Ugh.  Ouch.  Amy, we don’t use words like civilized and uncivilized anymore.  That was back in the days of imperialism.  This is the 21st Century and we are enlightened.

Except, when I see that 13 million people are laughing at two African guys who are shoveling sand, it does make me wonder how enlightened we really are.

We must ask ourselves, Why do we assume these guys don’t have a reason for what they are doing?  Why do we assume they are just being idiots?

“People usually don’t act randomly or stupidly.  Those from other cultures may think it random or stupid, but from the local person’s perspective, they’re thinking or acting out of a larger framework that makes sense to them….Too often we assume others are foolish or illogical simply because their reasoning is not self-evident to us.” (Duane Elmer, Cross-Cultural Servanthood)

I

am

ashamed.

And I am forced to look deep into my soul and examine what I really think about people who do things differently than me.

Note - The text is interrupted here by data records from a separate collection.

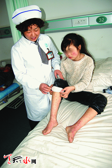 我是无意间发现自己腿上有许多针尖大小的紫红色小点的,感觉有点痒痒的。我给爸爸说后,爸爸赶紧把我带到了医院,医生看过后说我得的是过敏性紫癜。”2月14日上午,在市四O七医院接受治疗的13岁女孩小美(化名)对记者说。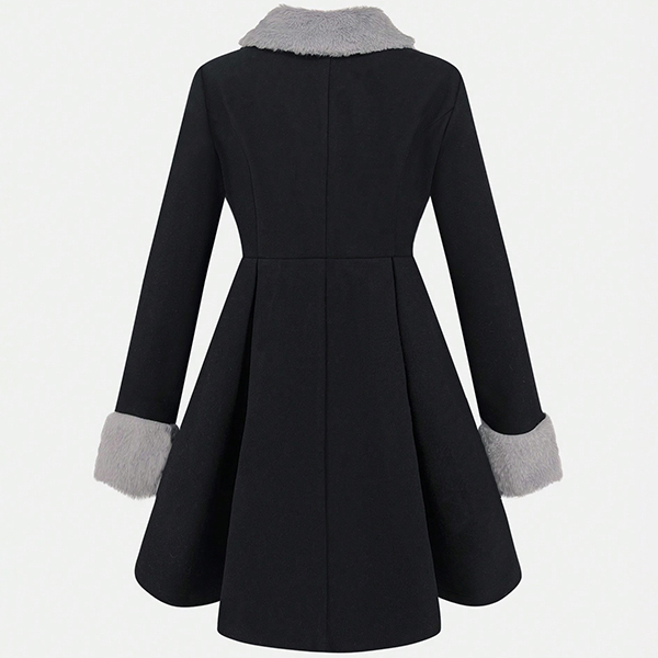 Fashion Plush Spliced Stand Collar Long Sleeve Duffle Coat for Women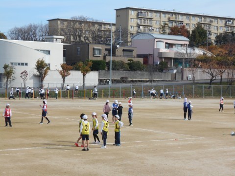 3年生 体育 「タグフットボール」のゲームです。すきまの突破についてチームで話し合って実践します。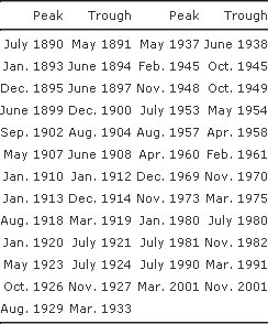 Tabela pokazuje szczyty i dołki cykli koniunkturalnych w Stanach Zjednoczonych w latach 1890-2004. Widać wyraźnie, że długość trwania poszczególnych cykli nie jest jednakowa. W ciągu ostatnich kilkudziesięciu lat średnia długość trwania cyklu wynosi około 6 lat.
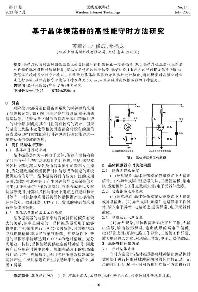 摘要:高精度的授时系统因恒温晶振的实际值和标称值存在一定的偏差,基于高精度恒温晶体振荡器对存储的脉冲数进行均值计算,模拟出高精度的脉冲信号,能够达到1 h以内的守时误差低于250 ns,能够满足授时系统的守时要求。文章针对晶体振荡器的老化参数进行拟合,通过模型对晶振守时方法进行实验,确保晶振守时能够保持在每天500 ns,以此来提升晶体振荡器的保持能力。(剩余3303字)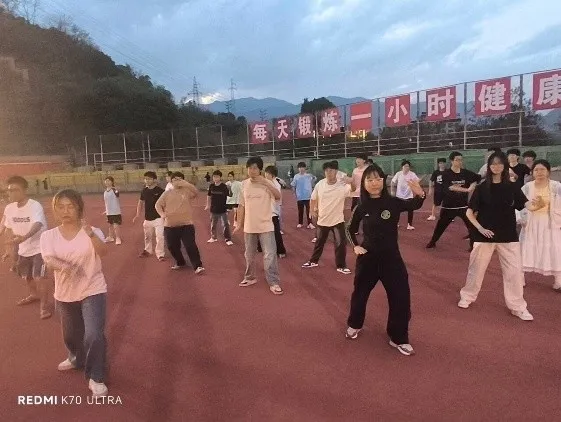 朱军:训练中,全班同学拧成一股绳的画面令人动容。有人动作卡顿,周围便响起鼓励的掌声;有人掌握技巧,立刻主动分享经验。我们在晨光熹微的操场反复打磨动作,在夕阳余晖中合练队形,从最初的参差不齐到最终表演时整齐划一的行云流水,每个进步都凝结着集体的智慧与坚持。太极拳“以柔克刚”的哲学,悄然融入我们的训练日常——面对困难不硬扛,相互借力共突破。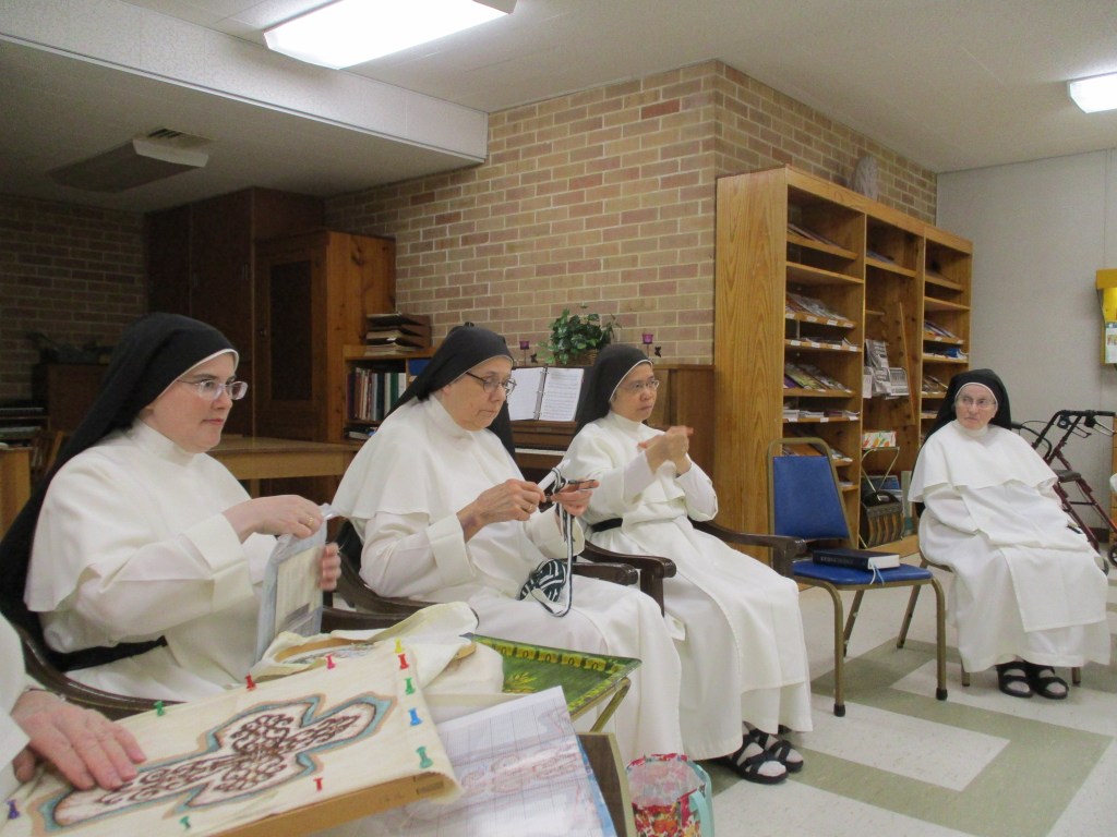 Sr. Mary Christine tells her story while the other nuns listen, working on handwork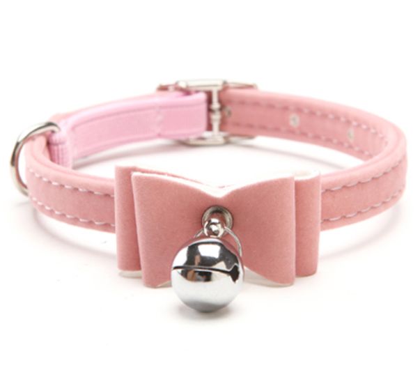 - 送料無料! にゃんこ用 スウェード風シンプルデザイン首輪(鈴付き)全6色 かわいいリボン・モチーフ!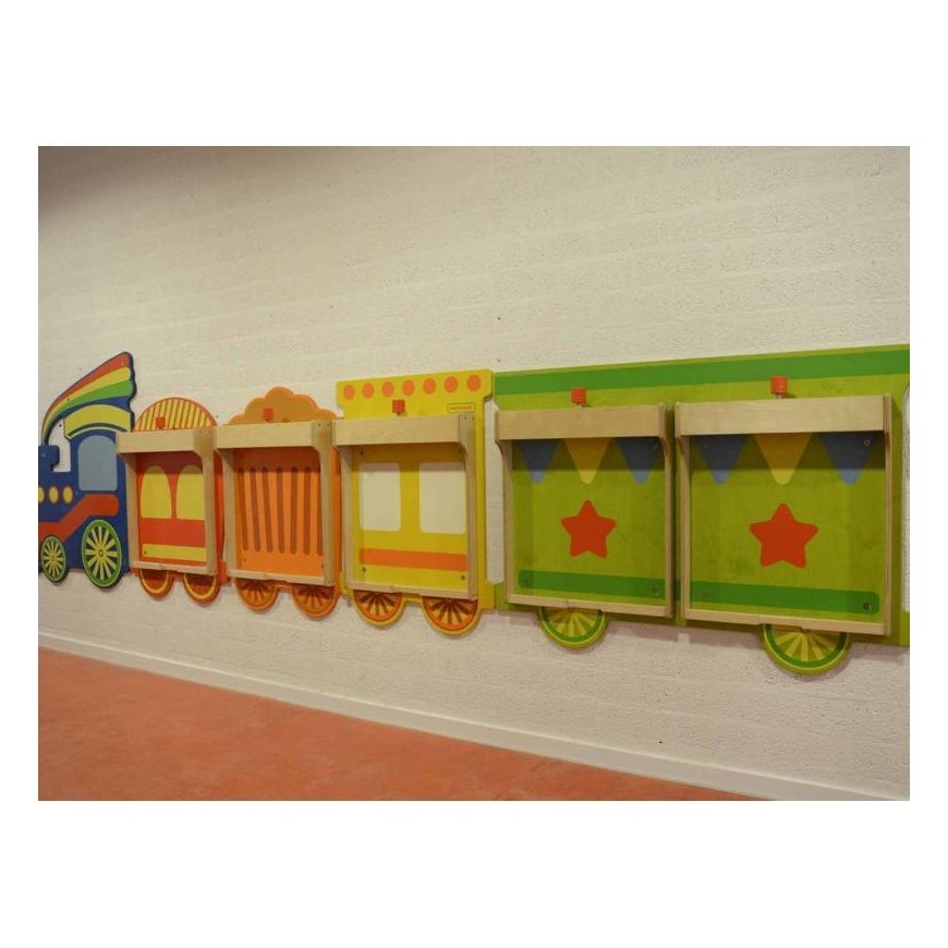 The system has 5 frames for boards . Taking one out and putting the other in takes less than a minute. The teacher can freely exchange aids between classes, choosing, for example, toys from a certain category: sensory, dexterity, mathematical, etc.
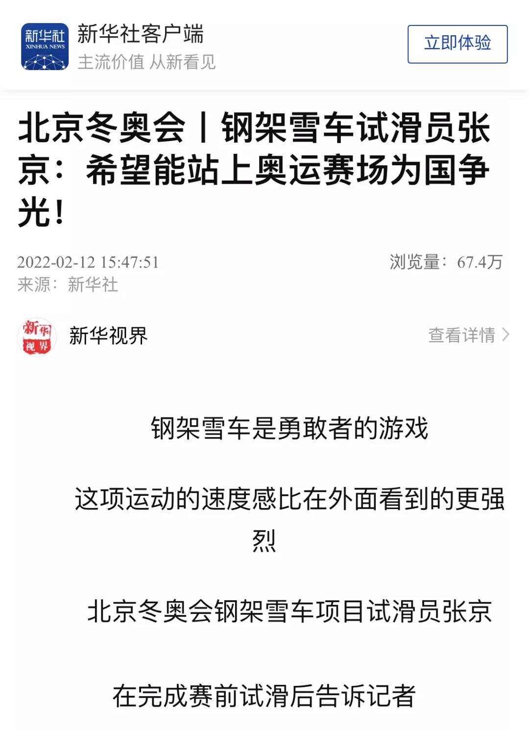 2022年2月12日,新华社客户端以“钢架雪车试滑员张京:希望能站上奥运赛场为国争光!”为题,报道beat365学子张京担任北京冬奥会钢架雪车项目试滑员,为冬奥会贡献beat365力量,助力中国钢架雪车队创造历史。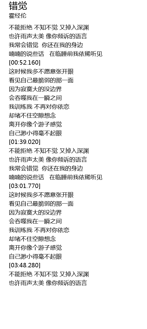| [02:20.830] | 不能拒绝 不知不觉 又掉入深渊 |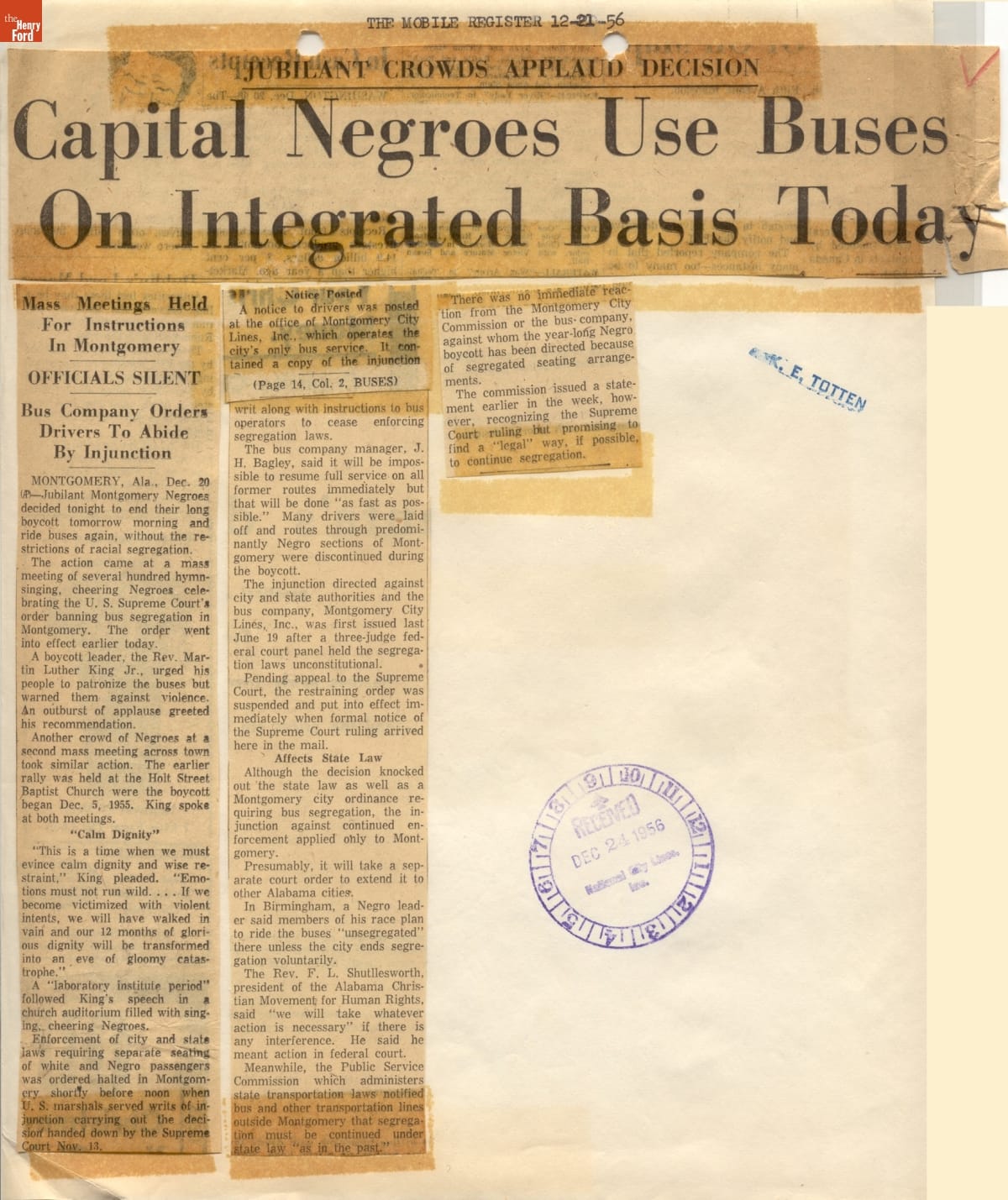 THF147508 / Montgomery Bus Boycott Scrapbook, November 1955 - April 1957 (Part 6 of 6) / December 21, 1956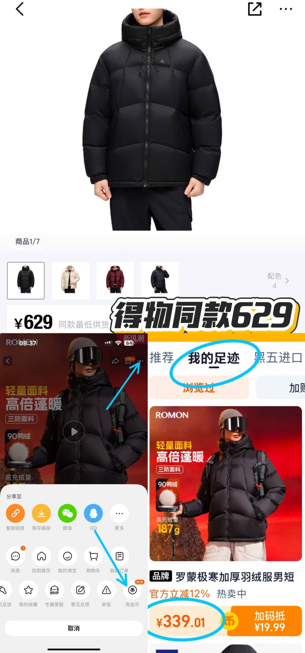 339元罗蒙旗舰店 罗蒙极寒加厚蓄热羽绒服 轻暖与强御寒的冬日利器好单发报员2025年11月25日 14:450举报 339元罗蒙旗舰店罗蒙极寒加厚蓄热羽绒服轻暖与强御寒的冬日利器高性圿比之选 当然选罗蒙-1、領奍 点右上角淘金币2、我的足迹 找到蔏品下単https://m.tb.cn/h.SDeSBmO复制文案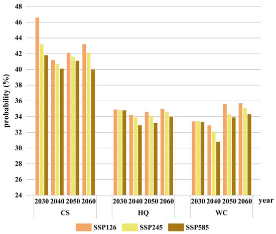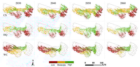 Projections revealed significant disparities in ES across the three scenarios in the Sanjiangyuan Region (Figure 8). The SSP126 scenario yielded the most favorable ES outcomes, followed by SSP245, while SSP585 resulted in the least favorable performance. Under SSP126, ES exhibited a nonlinear trend, characterized by an initial decline followed by partial recovery, although 2060 levels remained below baseline values. In contrast, ES changes under SSP245 and SSP585 were relatively stable over time. However, by 2060, CS and HQ declined across these scenarios, whereas WC improved. Overall, SSP126 emerged as the optimal scenario for sustainable ES development, balancing ecological conservation with socioeconomic progress.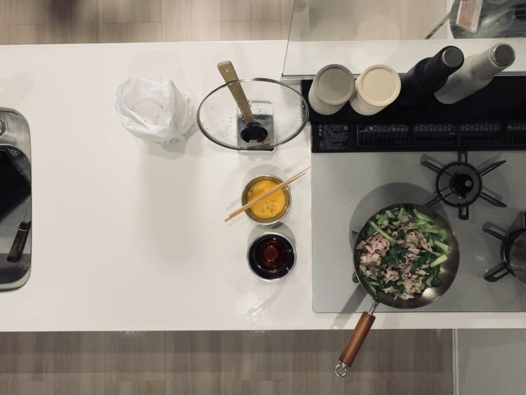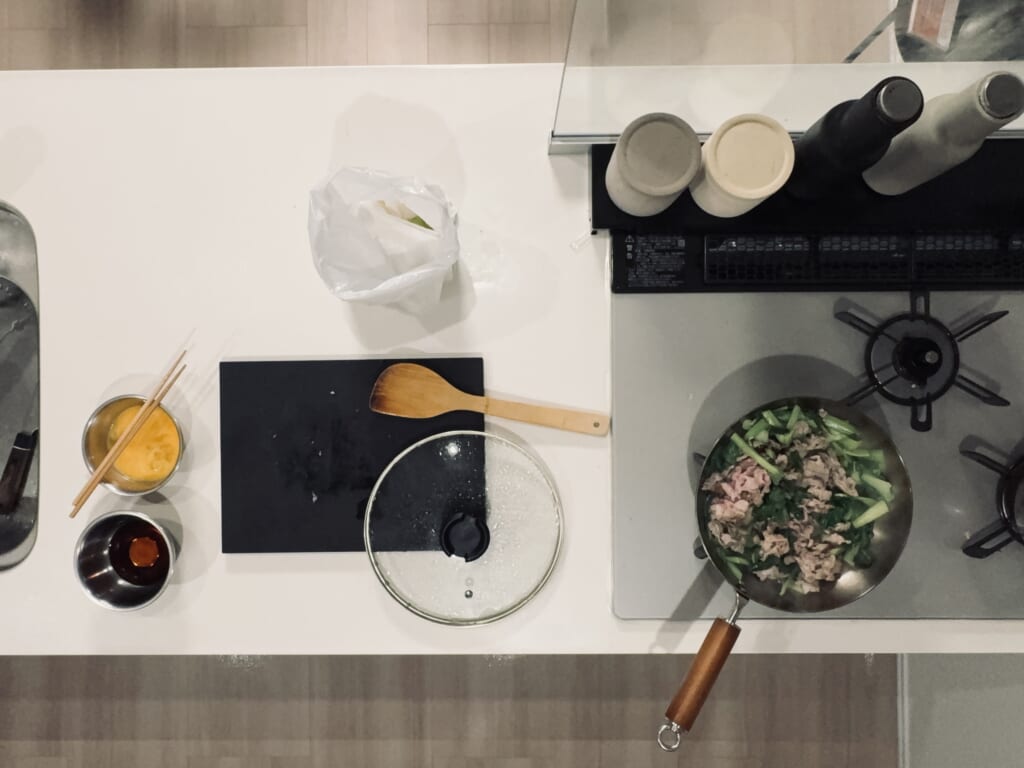まな板、包丁、ボウル、木ベラ、フライパンを洗って、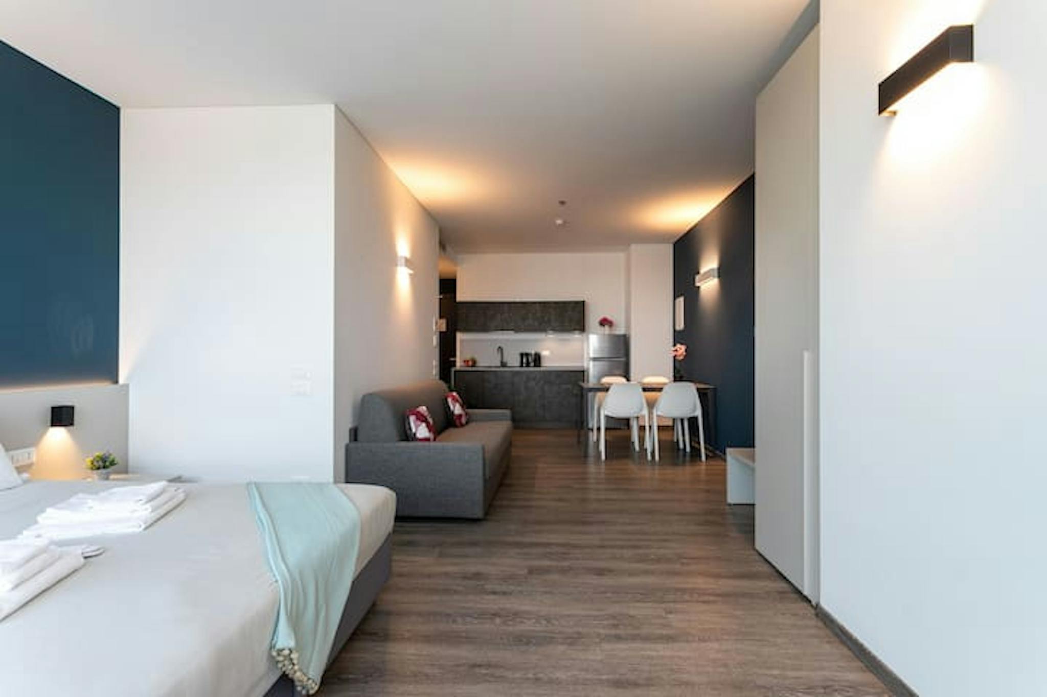 The living space boasts a standard sofa bed, while the kitchen is fully equipped with dishes, a dishwasher, an induction hob, a coffee machine, and a washer-dryer. Additional amenities include a smart TV and a spacious wardrobe with a built-in safe.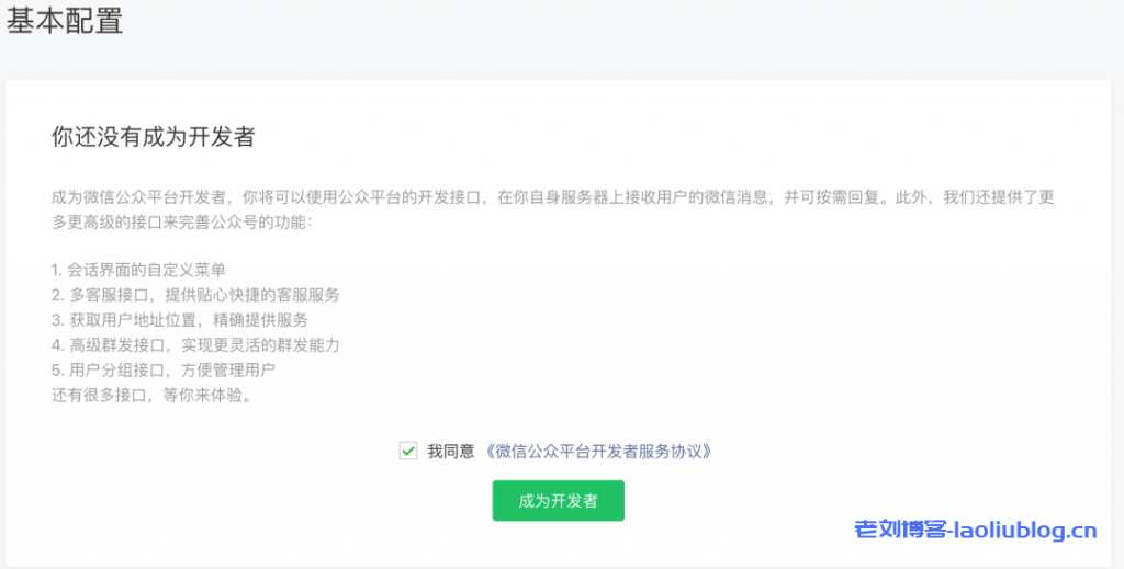 首先肯定需要有一个订阅号,然后在订阅号后台点击 开发者->基本配置进入如下页面,点击确定

Since I am in Africa, determined to help and not hurt, determined not to repeat the mistakes of those who went before me, I must

examine

my

heart.

Root out ethno-centrism.  Put condescension to death.  Look for the good.  Assume the best.  Choose humility.

Of course, sin is there.  Some people really are idiots–in any culture.  I was driving with a Tanzanian friend the other day, and a guy was yelling in the middle of the street.  Yeye ni lewa, my friend muttered.  He is drunk.  And many times, there is inefficiency and ugliness or just plain evil.

But can I first realize that sin is in my heart, and will be coloring my view of how I see things?  Can I stop assuming that my way is the best way, that different does not equal wrong (or stupid, or lazy)?

In humility, consider others better than yourselves.

Even if it means giving the benefit of the doubt to two guys shoveling sand.